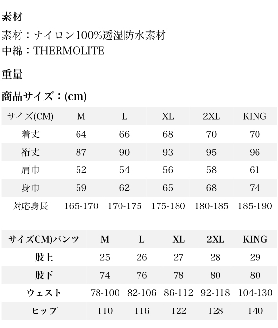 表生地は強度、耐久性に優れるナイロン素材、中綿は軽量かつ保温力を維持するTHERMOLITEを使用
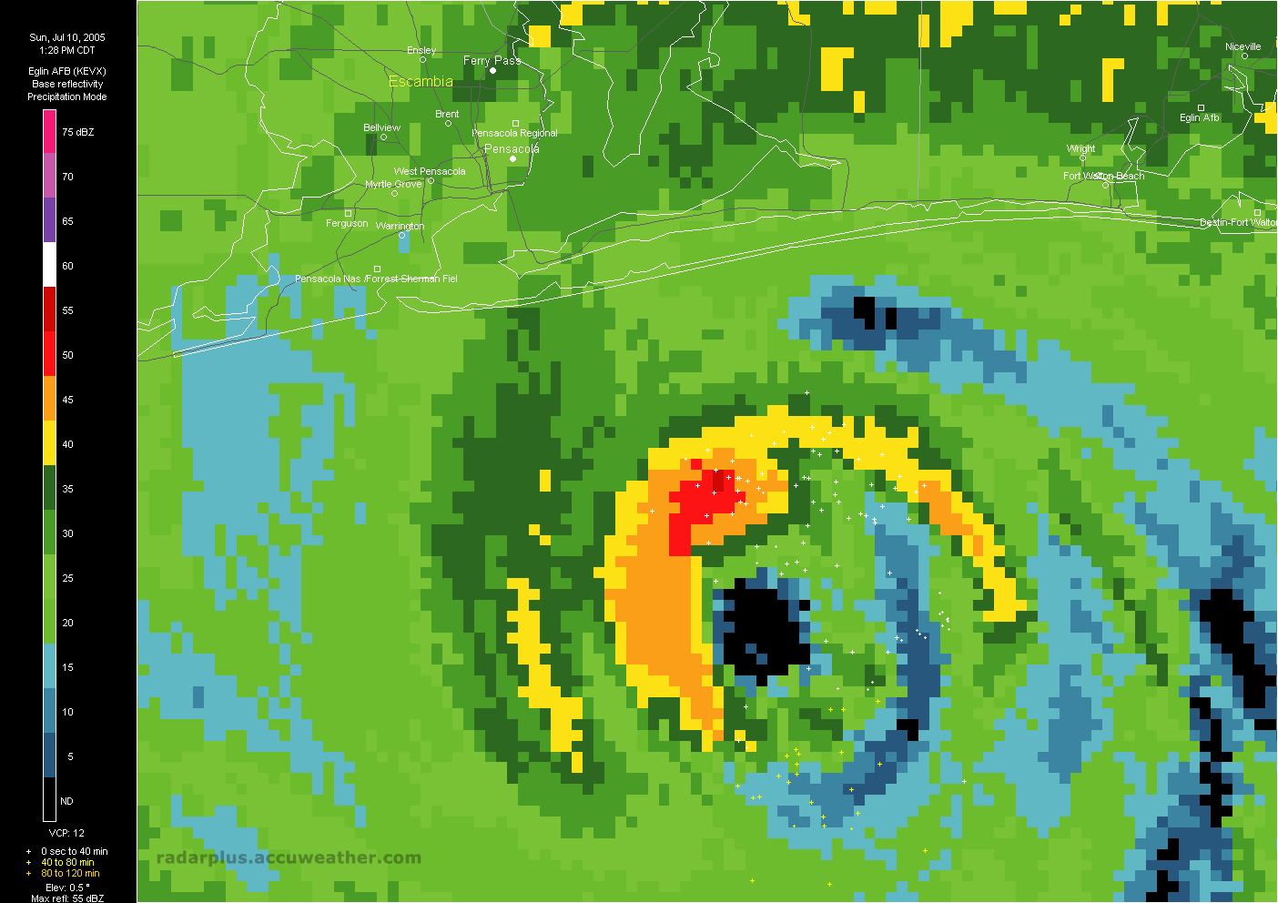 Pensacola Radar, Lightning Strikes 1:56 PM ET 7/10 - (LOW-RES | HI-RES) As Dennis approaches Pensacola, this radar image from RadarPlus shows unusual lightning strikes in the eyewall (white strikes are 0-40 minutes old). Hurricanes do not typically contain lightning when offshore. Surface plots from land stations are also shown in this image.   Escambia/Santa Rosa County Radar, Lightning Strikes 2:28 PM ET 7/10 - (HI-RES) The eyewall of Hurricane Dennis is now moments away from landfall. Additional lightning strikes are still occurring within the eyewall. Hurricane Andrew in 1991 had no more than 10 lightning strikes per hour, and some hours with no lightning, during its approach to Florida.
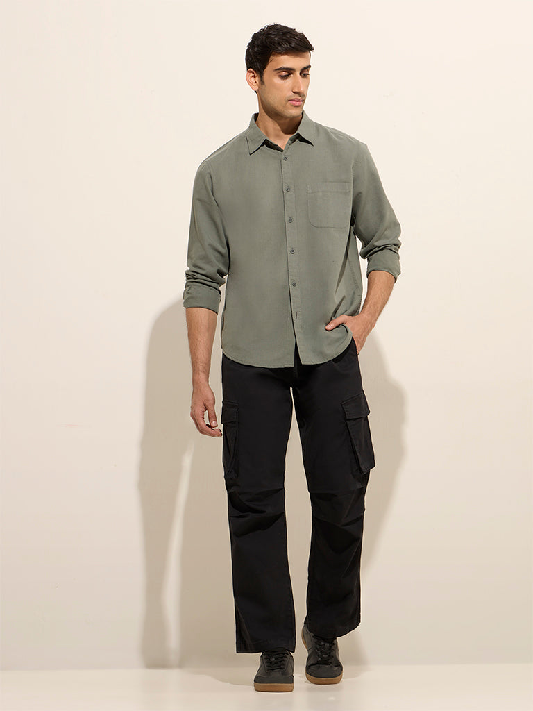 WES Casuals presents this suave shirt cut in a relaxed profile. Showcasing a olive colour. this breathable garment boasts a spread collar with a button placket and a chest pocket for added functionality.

...

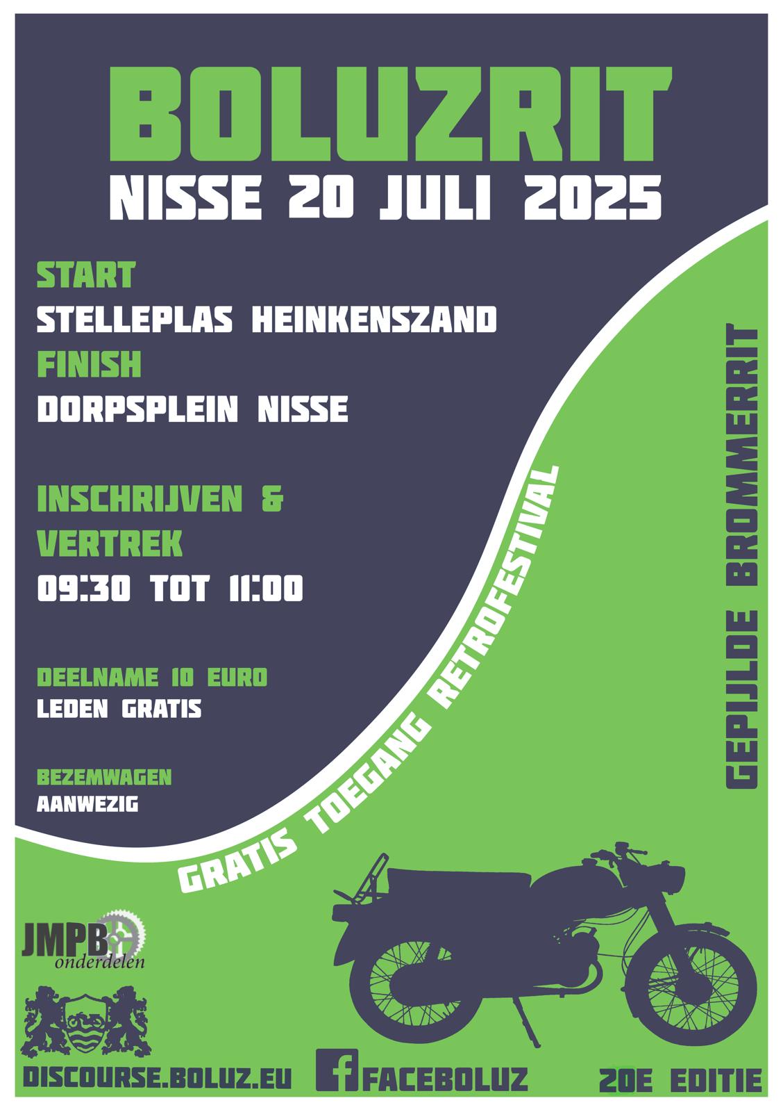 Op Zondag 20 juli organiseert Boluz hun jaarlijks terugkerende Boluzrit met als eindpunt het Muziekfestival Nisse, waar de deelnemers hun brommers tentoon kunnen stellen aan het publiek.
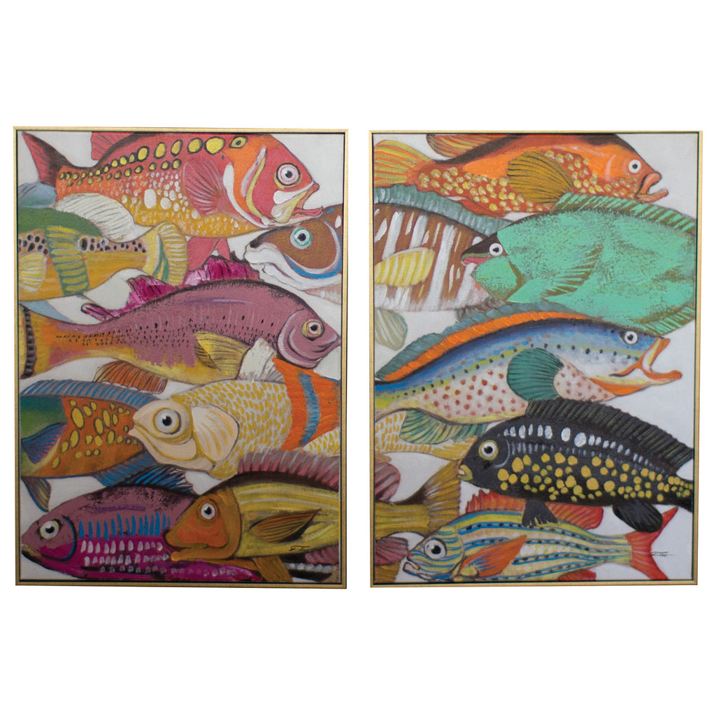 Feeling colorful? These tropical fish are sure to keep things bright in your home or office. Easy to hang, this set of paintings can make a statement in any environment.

- _WHAT IS REQUIRED_: From the records above, quote word for word only the lines beginning at the line that has "表生地は強度、耐久性に優れる" and stopping after the line that has "WES Casuals presents". Omit the pictures.

- _YOUR RESPONSE_:
 表生地は強度、耐久性に優れるナイロン素材、中綿は軽量かつ保温力を維持するTHERMOLITEを使用
 Pensacola Radar, Lightning Strikes 1:56 PM ET 7/10 - (LOW-RES | HI-RES) As Dennis approaches Pensacola, this radar image from RadarPlus shows unusual lightning strikes in the eyewall (white strikes are 0-40 minutes old). Hurricanes do not typically contain lightning when offshore. Surface plots from land stations are also shown in this image.   Escambia/Santa Rosa County Radar, Lightning Strikes 2:28 PM ET 7/10 - (HI-RES) The eyewall of Hurricane Dennis is now moments away from landfall. Additional lightning strikes are still occurring within the eyewall. Hurricane Andrew in 1991 had no more than 10 lightning strikes per hour, and some hours with no lightning, during its approach to Florida.
 WES Casuals presents this suave shirt cut in a relaxed profile. Showcasing a olive colour. this breathable garment boasts a spread collar with a button placket and a chest pocket for added functionality.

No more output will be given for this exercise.